The results of this study clearly demonstrate the effects of PLR on CO and S’ in healthy volunteers and suggest that this technique is a valuable test for identifying volume responsiveness in hypotensive adults. The echocardiographic assessment of CO requires at least two views from different image planes with a corresponding calculation, which may cost precious time in the treatment of unstable patients. Potential heart rate variation in the meantime may also affect the method. As the situation in an ED requires immediate action and valid results, the S’ method is preferred.

How far other mechanisms, such as baroreflex activation, stimulation of the cardiopulmonary reflex, and sympathetic activation due to PLR, can contribute to the hemodynamic effects is disputed; however, this study found no statistical difference between the vital signs before and after PLR. ²⁶ Furthermore, confounding factors such as pain, coughing, or discomfort may provoke adrenergic stimulation and result in misinterpretation of the CO change, ¹⁸ therefore, the precise performance of PLR is indispensable.

Limitations

The first limitation of this study is its small sample size. Although the power analysis predicted a sample size of 28 and the study was conducted with 57 volunteers, a greater sample size would help strengthen the results. The study population also only consisted of healthy volunteers; however, it should be noted that hypotensive patients in an ED frequently present with complex clinical findings (i.e. heart failure or heart valve disease). These additional clinical findings have severe hemodynamic effects on different pathological mechanisms and physiological responses (i.e. baroreflex or sympathetic activation) and may limit the application of the test on these patients. This should be the subject of further analyses.

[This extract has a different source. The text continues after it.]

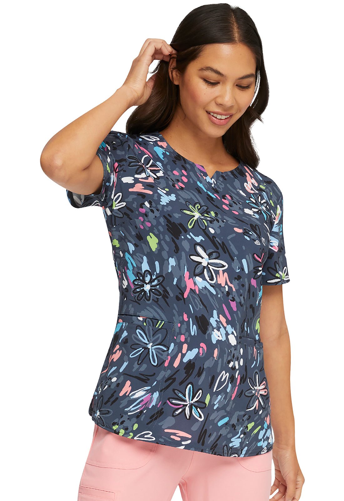 Doodle Heartsoul Print V Neck Scrub Top HS821 DDBM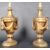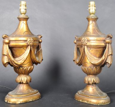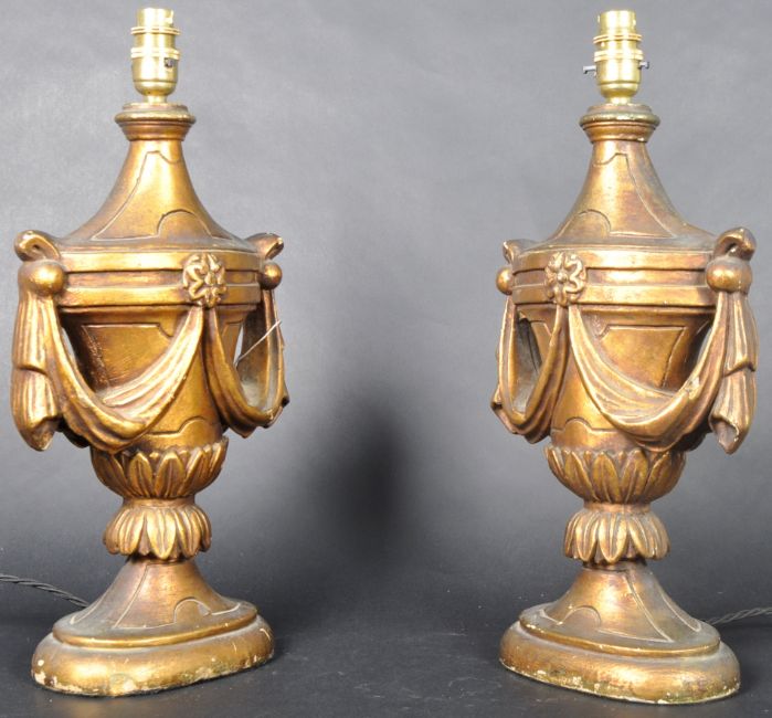 A matching pair of 20th Century 1930's Art Deco gilt resin table lamp lights each of urn shape form with square shaped shades. Each with engraved decoration raised on circular bases. Both sold as untested. Each measures approx; 37cm x 30cm.

The second limitation is, our findings in this study are not tested in the really sick and hypotensive patients to assess the validity and reliability. This issue can be a topic for a further study.

The third limitation is that, all the measurements are made by one EP who is experienced in bedside ultrasound. Measuring the CO and S’ require expertise of bedside point-of-care ultrasound. It may be not easy for the general EP to acquire the required bedside ultrasound skills. We cannot comment about interrater variability because we had one operator made all the measurements but, interrater variance can be high because these measurements are operator-dependant. There is no standard way to determine the qualification of an EP to make these measurements too.

Conclusion

Despite its limitations, this study has demonstrated the concordance of rise in CO with S’ change by PLR in healthy subjects. Further studies are needed to validate the use of S’ values in critically ill subjects.